Data structures and compression algorithms for high-throughput sequencing technologies
1 Department of Computer Science, University of California Irvine, Irvine, CA 92697 USA
2 Institute for Genomics and Bioinformatics, University of California Irvine, Irvine, CA 92697 USA
3 Department of Mathematics, University of California Irvine, Irvine, CA 92697 USA
4 Center for Complex Biological Systems, University of California Irvine, Irvine, CA 92697 USA
5 Department of Biological Chemistry, University of California Irvine, Irvine, CA 92697 USA
BMC Bioinformatics 2010, 11:514 doi:10.1186/1471-2105-11-514Published: 14 October 2010
High-throughput sequencing (HTS) technologies play important roles in the life sciences by allowing the rapid parallel sequencing of very large numbers of relatively short nucleotide sequences, in applications ranging from genome sequencing and resequencing to digital microarrays and ChIP-Seq experiments. As experiments scale up, HTS technologies create new bioinformatics challenges for the storage and sharing of HTS data.

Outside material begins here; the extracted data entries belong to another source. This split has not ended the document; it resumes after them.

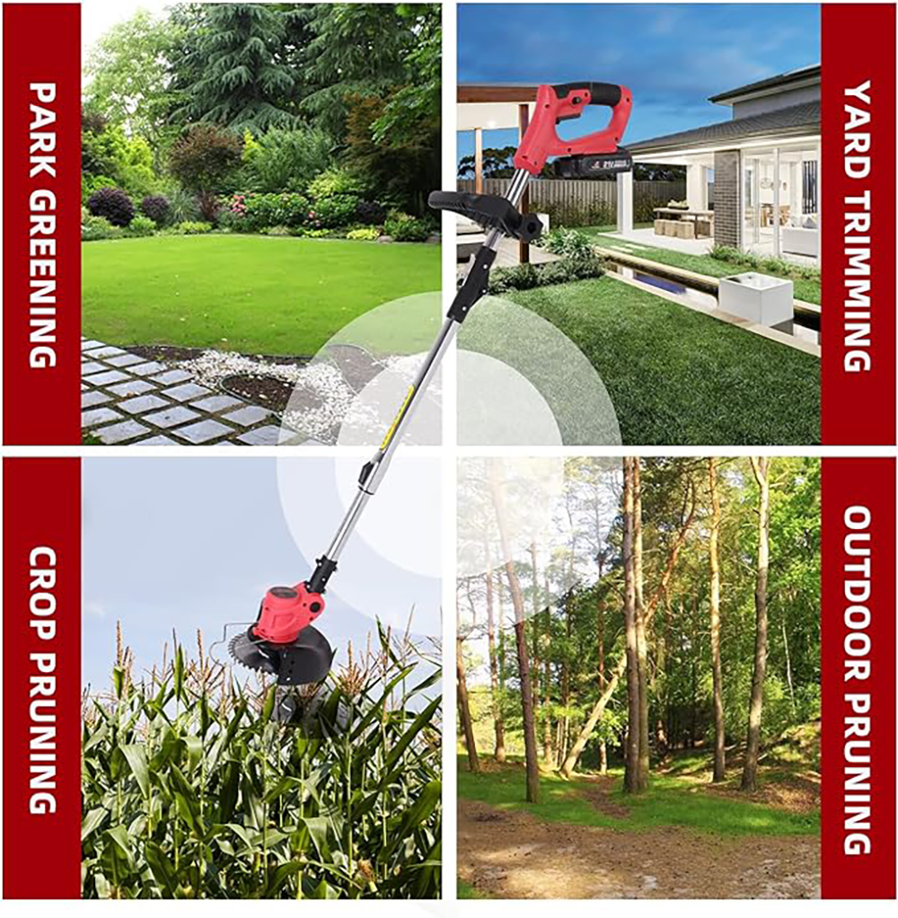 Multifunction,not only cuts grass, but also works great on weeds, thicker bushes and branch. 3-IN-1 lawn care, mow, trim, and edge with one lightweight tool. Easy to control,Steady,low vibration,won’t shake or skip. Low noise drives technique, only 92 dB won’t disturb neighbors. Durability,metal blades are far more durable than spools. No spool, doesn’t requires spool pulling and won’t tangle. Powerful Motor The grass trimmer with 600W high-power brushless motor and cutting speed up to 18000 RPM runs smoothly and quietly with no vibration. Combines maximum efficiency and ease of use. Upgraded Battery Performance High Performance MAX 21V Lithium-Ion Battery delivers fade-free power with no memory loss after charging.(up to 40 minutes of runtime/ per battery) 90° Adjustable Cutting Head Adjustable Head, The head can tilt up and down for easy trimming at multiple angles. Can go up to a fence and around the sidewalk edges. COMBINATION of 3 BLADE TYPES With interchangeable blades and adjustable head, you can use it for different yard clean-up work. Plastic blades are suitable for mowing delicate grass. Metal blades are suitable for cutting thick weeds and small shrubs. Saw blades are suitable for pruning thicker shrubs and branches. Multifunction,not only cuts grass, but also works great on weeds, thicker bushes and branch.|3-IN-1 lawn care, mow, trim, and edge with one lightweight tool.|Easy to control,Steady,low vibration,wonât shake or skip.|Low noise drives technique, only 92 dB wonât disturb neighbors.|Durability,metal blades are far more durable than spools.|No spool, doesnât requires spool pulling and won’t tangle.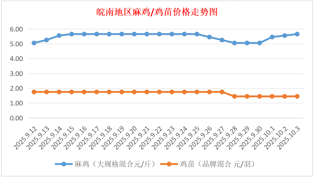 鸡病专业网独家信息:2025年10月3日皖南地区817-麻鸡行情最新走势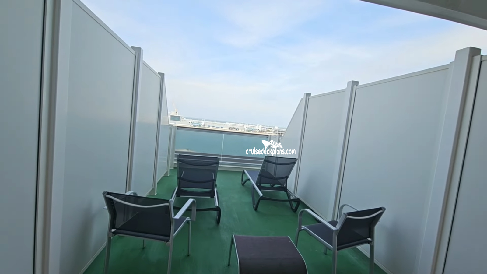 Deck 9 category S3 cabins on port and starboard side will have balcony partitions that do not extend all the way to the railing. This means that the area around the railing will have dividers (railing height) between balconies. You will be able to see your neighbors balcony.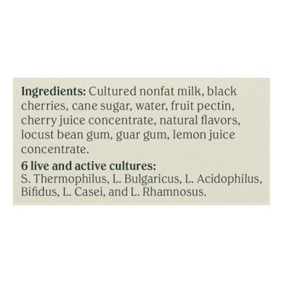 Greek yogurt black cherry on the bottom. No artificial flavors or sweeteners, no preservatives. No gluten. Billions of probiotics. Protein rich. Only natural ingredients. Black Cherries in glittering bushels. Sweet, supple gemstones - singing, breathing, bursting black cherry. Plucked and delivered proudly, tenderly, to you. Authentically Crafted: No fake fruit, no rBST (Milk from rBST-treated cows is not significantly different). Grade A. chobani.com. how2recycle.info. Questions or comments? 1-877-847-6181. Certified 100% recycled paperboard.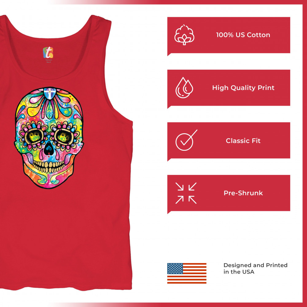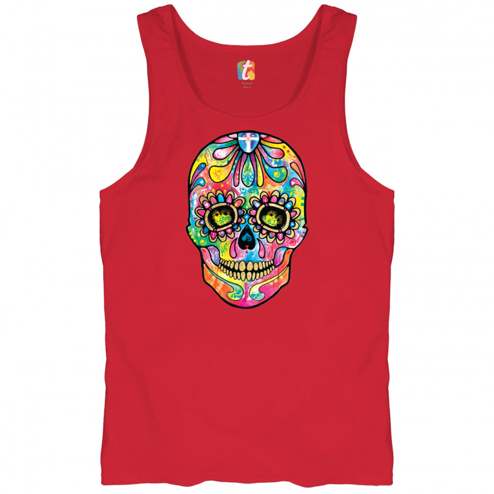 DEAN RUSSO SUGAR SKULL tank top day of the dead neon calavera men's top red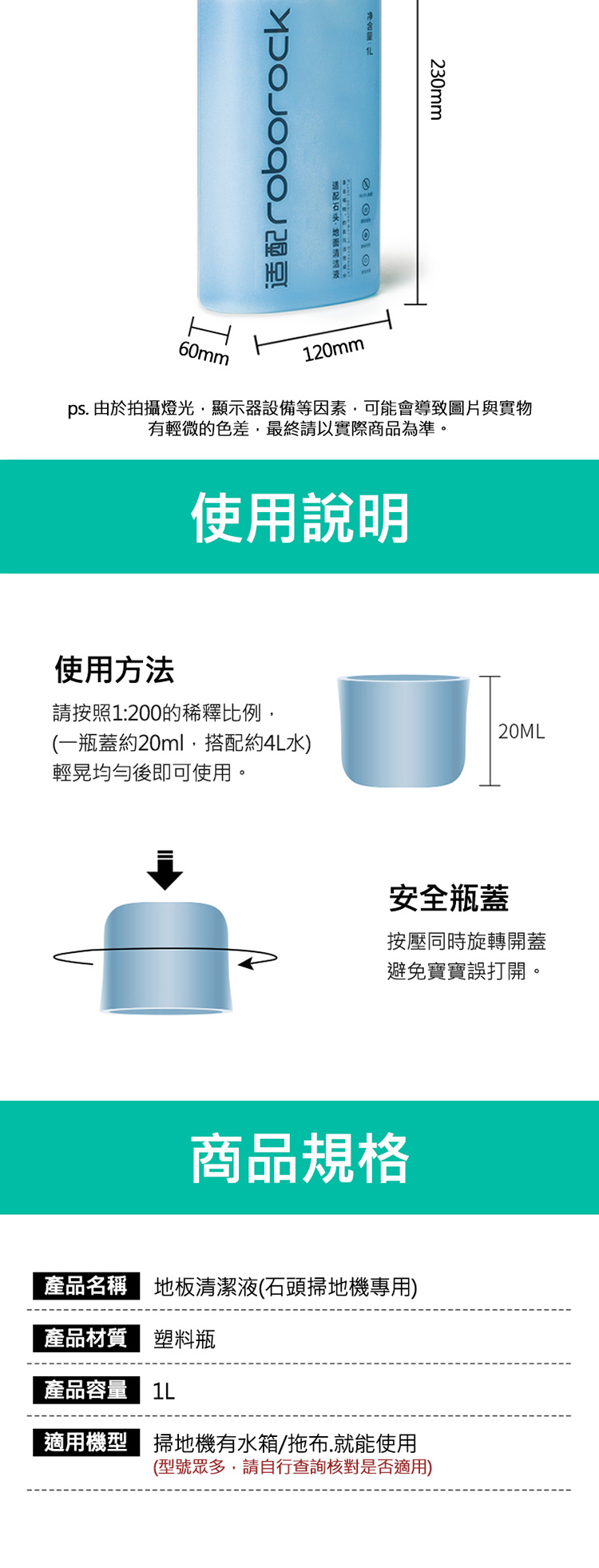 ※以上為使用示意圖,本商品僅清潔劑,不含掃地機。

We develop data structures and compression algorithms for HTS data. A processing stage maps short sequences to a reference genome or a large table of sequences. Then the integers representing the short sequence absolute or relative addresses, their length, and the substitutions they may contain are compressed and stored using various entropy coding algorithms, including both old and new fixed codes (e.g Golomb, Elias Gamma, MOV) and variable codes (e.g. Huffman). The general methodology is illustrated and applied to several HTS data sets. Results show that the information contained in HTS files can be compressed by a factor of 10 or more, depending on the statistical properties of the data sets and various other choices and constraints. Our algorithms fair well against general purpose compression programs such as gzip, bzip2 and 7zip; timing results show that our algorithms are consistently faster than the best general purpose compression programs.
It is not likely that exactly one encoding strategy will be optimal for all types of HTS data. Different experimental conditions are going to generate various data distributions whereby one encoding strategy can be more effective than another. We have implemented some of our encoding algorithms into the software package GenCompress which is available upon request from the authors. With the advent of HTS technology and increasingly new experimental protocols for using the technology, sequence databases are expected to continue rising in size. The methodology we have proposed is general, and these advanced compression techniques should allow researchers to manage and share their HTS data in a more timely fashion.